Alpha-1 Antitrypsin Deficiency

Alpha-1 Antitrypsin Deficiency (AATD) is a rare disease caused by low levels of the Alpha-1 Antitrysin protein. It can lead to lung disease and liver disease. Liver disease in particular effects 15% of adults living with AATD and 10% of infants living with the condition. Symptoms of liver disease in AATD are dark urine, chronic itching, cirrhosis, elevated liver enzymes, jaundice, and a swollen abdomen. Patients with AATD associated liver disease have an increased risk of developing liver cancer. This condition unfortunately has limited treatment options.

But Arrowhead Pharmaceuticals has just announced that they plan to initiate a Phase 2/3 clinical trial for liver disease in alpha-1 antitrypsin deficiency (AATD) in the second quarter of this year. The company believes that this trial could serve as a registrational study of the therapy, called ARO-AAT. The Investigational New Drug application (IND) for the Phase 2/3 trial of this therapy has officially been submitted to the FDA.

ARO-AAT is Arrowhead’s second generation RNAi therapeutic which is administered subcutaneously. AATD associated liver disease is severely lacking in treatment options, and Arrowhead hopes that this therapy could bring a new therapeutic option to patients.

Phase 2/3 Trial

The proposed primary endpoints of this Phase 2/3 trial are safety, efficacy, and pharmacodynamic dose response. Efficacy will be measured by any improvement in the histologic grading scale of liver disease in AATD. Additionally, liver fibrosis will be examined using the Ishak score.

Arrowhead hopes to initiate this trial at multiple sites in the United States. Following initiation of the trial at these locations, they plan to bring the trial to various sites in Europe.

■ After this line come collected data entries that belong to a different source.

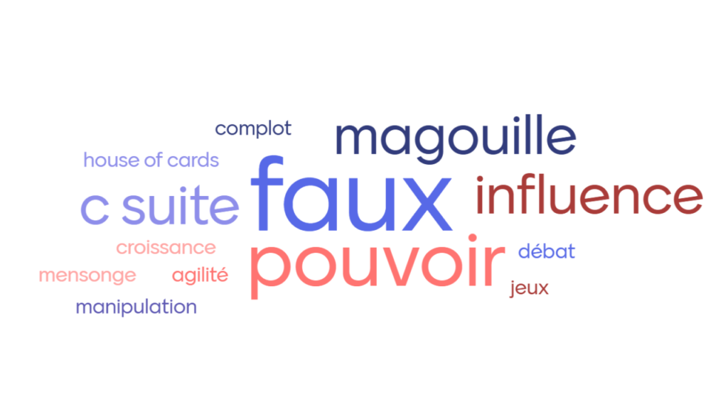 Nuage de mots illustrant les perceptions de la politique organisationnelle : pouvoir, influence, c-suite, faux, magouille, manipulation, jeux, mensonge, etc.
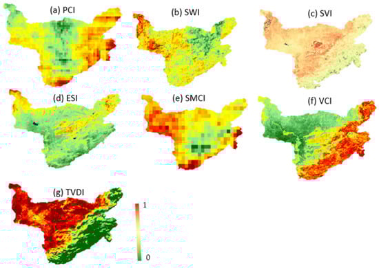 where ) and ) represent the maximum and minimum values of the kth drought index within the th neighborhood.
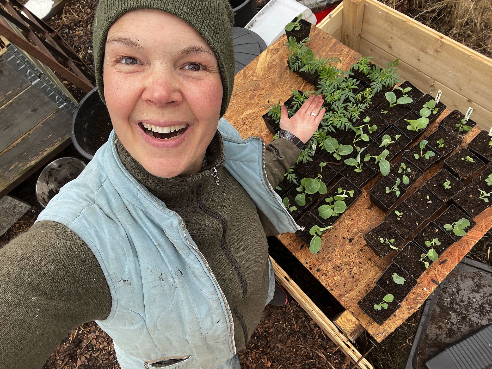 Glada tider när försådda plantor skolas om till egna krukor - ett nytt steg i deras resa ut mot köksträdgården.
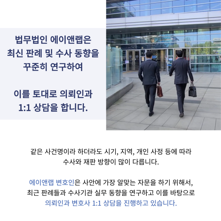 벌금형 선처를 받게 되면서 회사 해고 징계도 면하게 된 의뢰인은 앞으로도 직장인 생활을 이어갈 수 있다는 점에 큰 안도가 생겼습니다. 걱정을 덜고 법정에서 나온 L씨는 자신의 사건을 끝까지 꼼꼼히 다뤄준 김동우 변호사에게 고마움을 전하며 다시 자신의 일상으로 복귀했습니다.법무법인 에이앤랩은 갑작스러운 사건사고로 즉시 자문을 받을 수 있도록
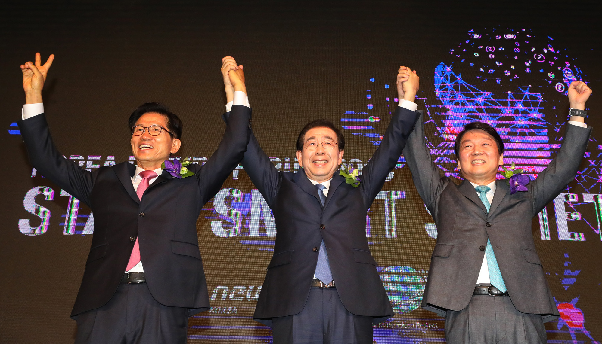 김문수(왼쪽부터) 자유한국당 서울시장 후보, 박원순 더불어민주당 서울시장 후보, 안철수 바른미래당 서울시장 후보가 30일 오전 서울 중구 플라자 호텔에서 열린 '2018한국미래포럼'에서 기념촬영을 하고 있다. 2018.05.30
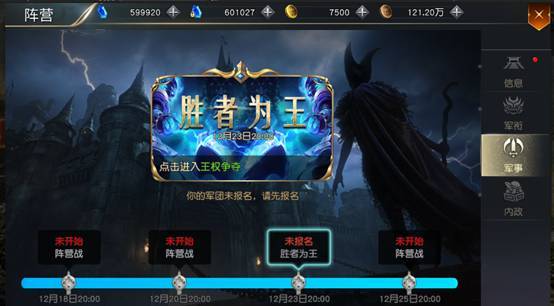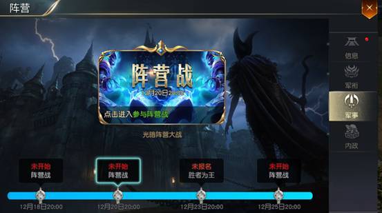 阵营军事分两种玩法:【胜者为王】和【阵营战】。

Of course, this trial is pending regulatory review of the company’s IND but Arrowhead is extremely hopeful about ARO-AAT’s potential. They say that their communications with the FDA thus far have been helpful and productive and they are excited about moving forward in their investigation of this treatment.

Hopefully, this Phase 2/3 study will culminate in a new therapeutic option for patients living with alpha-1 liver disease.

You can read more about this IND and ARO-AAT’s potential here.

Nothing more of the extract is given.